DOCTOR WARNING: New study links THIS popular sweetener to heart attack and stroke

Study finds sweetener is risky/Shutterstock Images

A study published on Monday in the journal Nature Medicine has linked blood clotting, stroke, heart attack and death to a commonly used artificial sweetener.

A substance called erythritol, a sugar alcohol is a carb found in many fruits and vegetables. It has about 70 per cent of the sweetness of sugar and is zero-calorie, according to experts. It is manufactured in huge quantities and does not raise blood sugar, has no lingering aftertaste and is less of a laxative than sorbitol and xylitol.

“Erythritol looks like sugar, it tastes like sugar, and you can bake with it,” said lead study author, Dr Stanley Hazen, who directs the Cleveland Clinic’s Center for Microbiome and Human Health.

People with existing risk factors for heart disease, such as diabetics (who ironically tend to use sugar substitutes) were twice as likely to experience stroke or heart attack if they have high levels of erythritol in their blood.
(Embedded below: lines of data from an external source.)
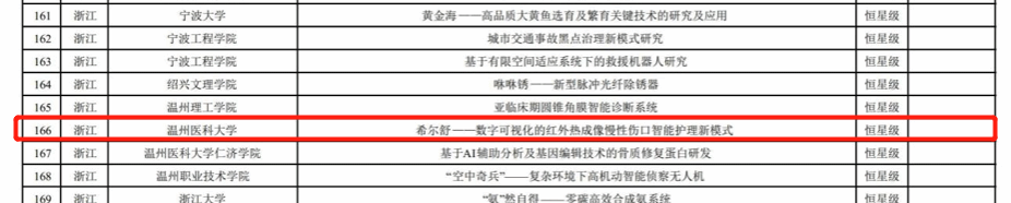 该项目团队在肉漫屋 蔡福满、江小琼等老师的带领下,围绕慢性伤口开展从风险预警、愈合评估以及预后预测开展数智化、全流程的护理管理体系研究。目前该团队已获国家级大学生创新创业项目4项,省级创新创业项目2项,发明专利9项(1项以30万元转化),实用新型专利5项。在国际皮肤病学顶级期刊British Journal of Dermatology(IF:11.11)及中华护理杂志等国内外期刊上发表高质量学术论文近10篇,并入选中华护理杂志百篇优秀论文、浙江省专业学位研究生优秀实践成果和浙江省优秀专业型硕士学位论文,先后获国家级及省级大学生“互联网+”及“挑战杯”创新创业大赛金奖、一等奖等奖项近10项。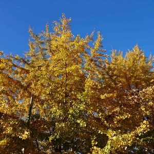 だいぶ黄色が鮮やかになってきました。青空とイチョウの キイロは、映えます✨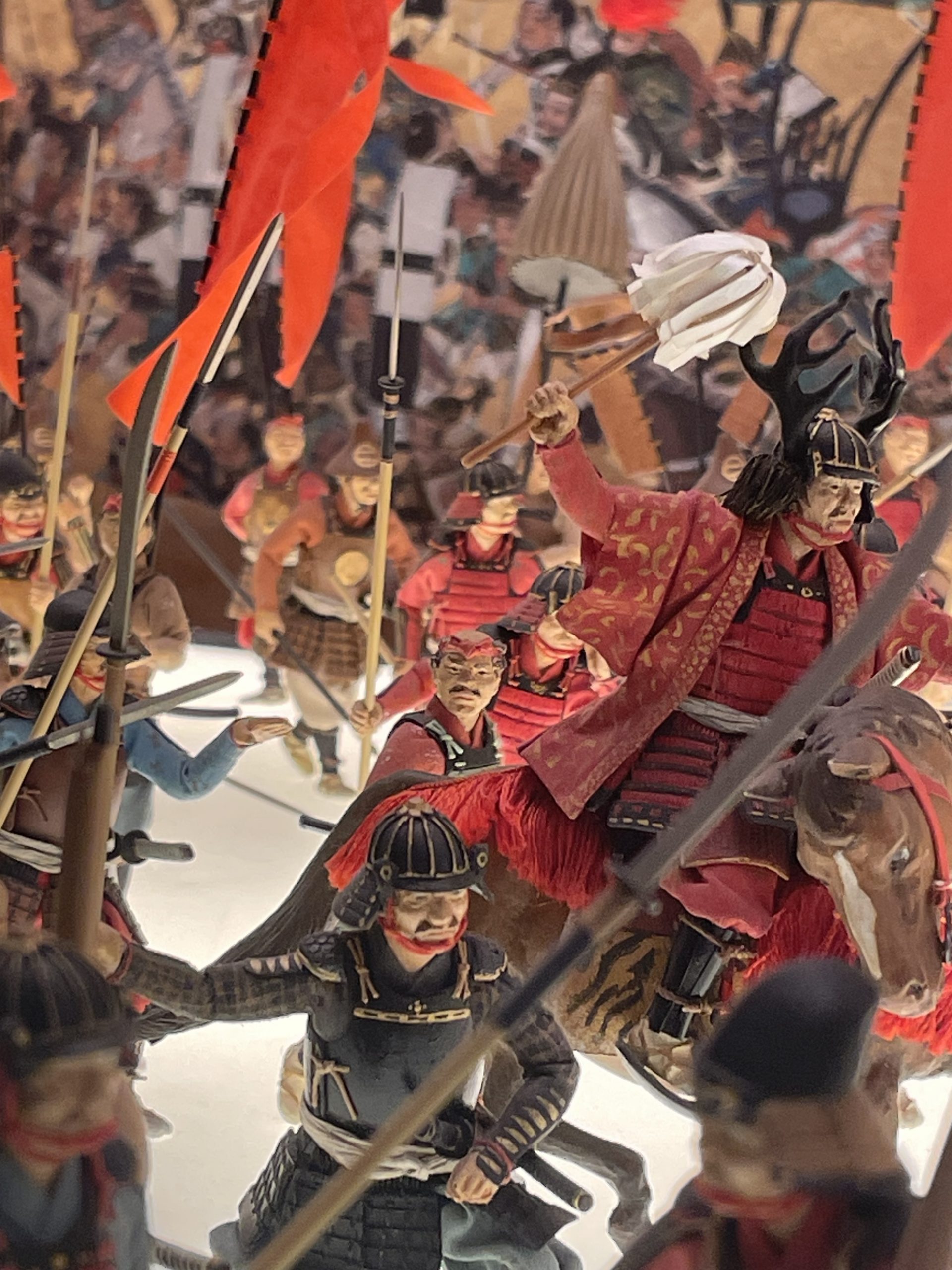 Jennie hat uns zielsicher durch das Chaos aus Menschen, U-Bahnstationen und Geschäften geführt. Auch wenn die Züge immer wieder auf ca. 100km/h beschleunigen, hat es fast eine Stunde gedauert, bis wir beim „Osaka Castle“ angekommen sind. Der Palast besteht aus über fünf Stockwerken und ist wunderschön. Er ist außen weiß, hat schwarze geschwungene Dächer und viele goldene Verzierungen (beispielsweise Tiger). Das Gebäude, welches man heutzutage sehen kann, ist nur eine Nachbildung des Original, welches vor 400 Jahren abgebrannt ist. Davor war eine sehr lange Schlange an Menschen, die alle in das Schloss wollten, welches mittlerweile ein Museum ist. Wir hatten ja zum Glück eine Expertin dabei und sind mit unseren spontan gekauften Online-Tickets an der ganzen Schlange vorbeigekommen. Im inneren sind verschiedenste Objekte ausgestellt. Alte Schriftrollen, Helme, Miniaturen der Anlange aus den unterschiedlichen Epochen und sehr viele unfassbar detaillierte Gemälde. Diese Kunstwerke haben mich echt am meisten beeindruckt. Eine einzige Schlacht wird auf mehreren zusammenhängenden Bildern bis ins kleinste Detail dargestellt. Mehrere hundert Soldaten sind alle mit winzigen Pinselstrichen dargestellt, jeder mit eigener Mimik und einem eigenen Charakter.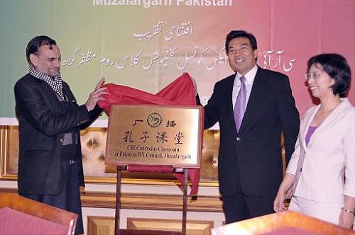 由中國(guó)國(guó)際廣播電臺(tái)在巴基斯坦開設(shè)的首家廣播孔子課堂29日在巴首都伊斯蘭堡萬(wàn)豪酒店舉行揭牌儀式。這家廣播孔子課堂是受中國(guó)國(guó)家漢辦委托,由中國(guó)國(guó)際廣播電臺(tái)與巴基斯坦穆扎法爾格爾市短波收聽俱樂部合作建立的。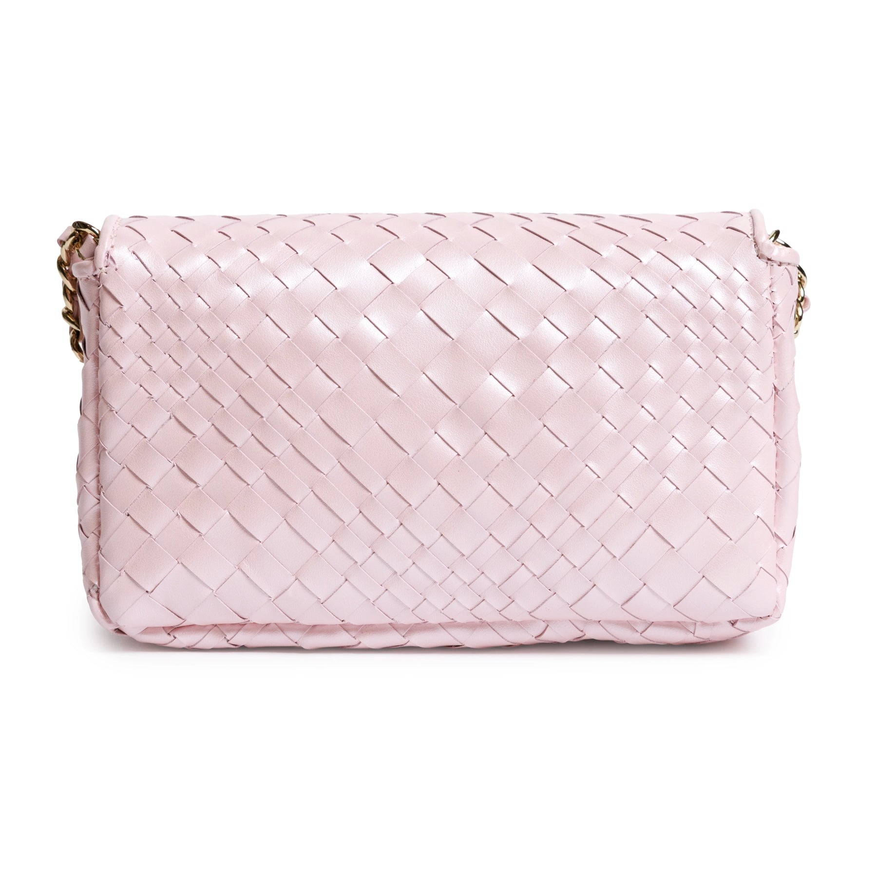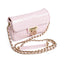 Its compact silhouette is gently structured, balancing elegance with everyday practicality. The front flap is adorned with a polished metal closure, adding a luminous accent that contrasts beautifully with the pastel tone. This thoughtful combination of softness and shine gives the bag a modern yet timeless appeal.

“The degree of risk was not modest,” Hazen said.

“This certainly sounds an alarm,” said Dr. Andrew Freeman, director of cardiovascular prevention and wellness at National Jewish Health, who was not involved in the research.

“There appears to be a clotting risk from using erythritol,” Freeman said. “Obviously, more research is needed, but in an abundance of caution, it might make sense to limit erythritol in your diet for now.”

The industry association in the US, the Calorie Control Council, told CNN that “The results of this study are contrary to decades of scientific research showing reduced-calorie sweeteners like erythritol are safe, as evidenced by global regulatory permissions for their use in foods and beverages,” said Robert Rankin, executive director, in an email.

“Science needs to take a deeper dive into erythritol and in a hurry, because this substance is widely available right now. If it’s harmful, we should know about it,” National Jewish Health’s Freeman said.

Hazen agreed: “I normally don’t get up on a pedestal and sound the alarm,” he said. “But this is something that I think we need to be looking at carefully.”